How to Reduce Injuries

A thread came up in CraftWeb about how to reduce injuries.  Here are some of my approaches to take stress off my body while making bigger glass: 

  1. I used to pitch the pipe up to get four and five gather pieces to flow a bit before necking or after necking until I hurt my rotator cuff--now I just ask my assistant to dump it. 
  2. I try to make smooth transitions from low-exertion (like turning while gathering) to high-exertion (removing the pipe from the furnace or pipe cooler with many gathers on it). I found I used to strain my bicep from the sudden strenuous motion. 
  3. Using a low marver for big stuff takes the stress off my shoulders. It's not so great for smaller work because you have to bend over, but it's a huge help for bigger work.
  4. Our glory holes, yokes and bench rails are relatively low to keep the lifting and turning at a more manageable height.  I'll never understand the old timers who have almost eye-level ghs and yokes.  It would be a pain to transition in and out of with little stuff and awful for big stuff.) 
  5. At the bench, I never risk my back by stretching out across the tool bench to tool tall work.

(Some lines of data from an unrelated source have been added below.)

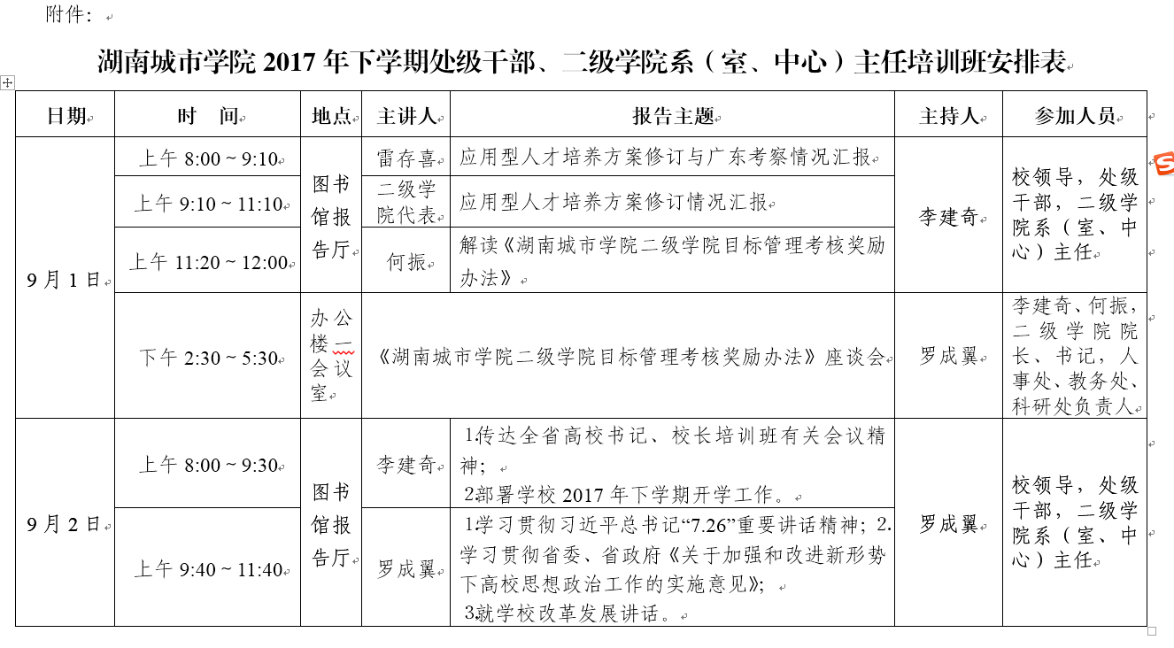 具体培训安排见《众博官方网址2017年下学期处级干部、二级学院系(室、中心)主任培训班安排表》。
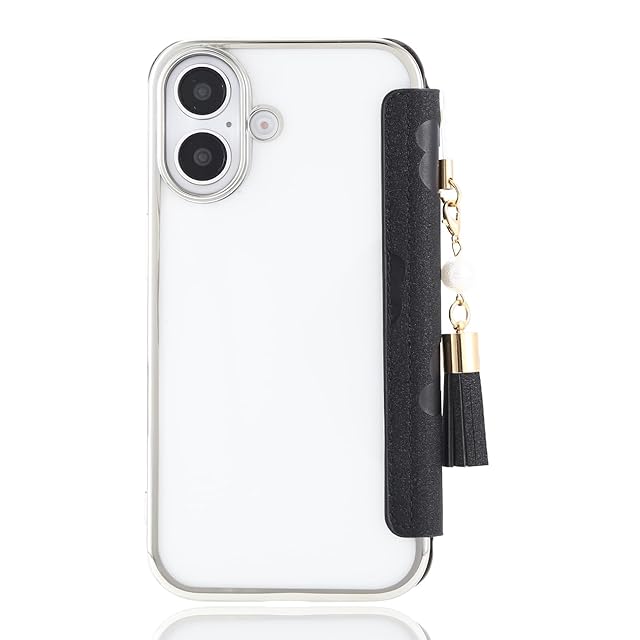 アイフォン 16 Plus ケース 手帳型 クリアタイプ 薄型 カード入れ 型押しマウス キャラクター 女性 iPhone16Plus 携帯カバー 手帳型 可愛い オシャレ 背面クリア 使いやすい Befortwo アイホン 16 プラス スマホカバー 透明 かわいい ワイヤレス充電 iPhone16Plus 手帳型ケース 真珠タッセル付き マグネットなし スタイリッシュ 黒い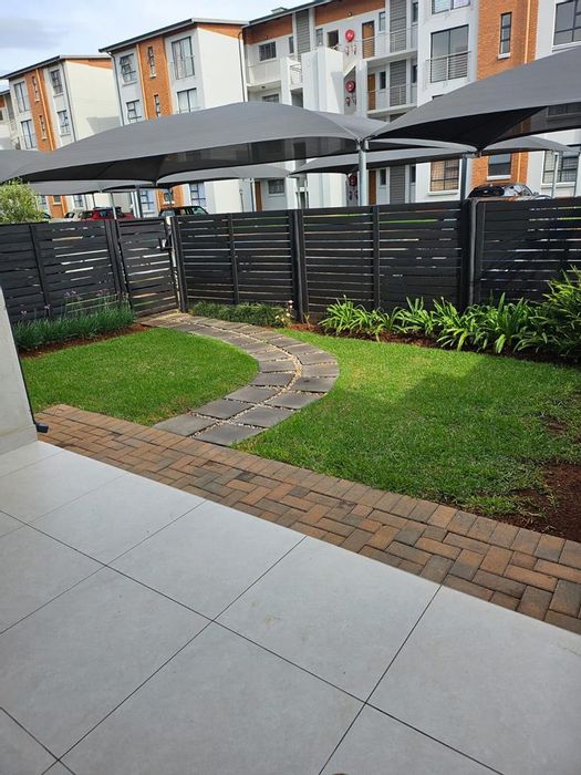 Relaxed suburban living near Irene Village Mall and R21 in gated Galloway Estate, with private garden and clubhouse pool — ground-floor modern 2-bed, 2-bath with two carports.

I don't have long arms so I always work off the bench for anything taller than about 20".
  6. I made our yoke rotate so it's easy to get a big piece or pastoralle fork out of the gh and over to the bench and back. 
  7. Adding hose grips to all my pipes and punties that are 3/4" or larger made them much easier to turn when there's a sizable amount of glass, like a hot cane pull.
  8. I have my assistant take the turns on the pipe for necking anything that's medium or larger size. He also backs me up with turns while blowing which takes stress off my left/turning hand. 
  9. I almost always start my necklines holding the jacks forward like tweezers and on the side (3 o'clock) and use my left hand to stabilize and help start the jack line on bigger stuff. It's easier than trying to reach over the top of the glass and roasting your hand.
  10. Working hot makes just about everything easier: jacklines are easy to put in, trims don't require muscle, flattening is easier, etc. You need an assistant with great turns and heat judgement to work really hot but you'd be surprised at how much easier everything is if you currently work on the colder side.
  11. I can keep my hands comfortable by working quickly and/or wetting my hand before most manuvers.  For things that require I'm exposed for a longer time, an Ove Glove is great.  I get the ones that don't have the non-slip silicone because I find that the silicone gets hot and I'll burn an ungloved hand while taking off a hot glove.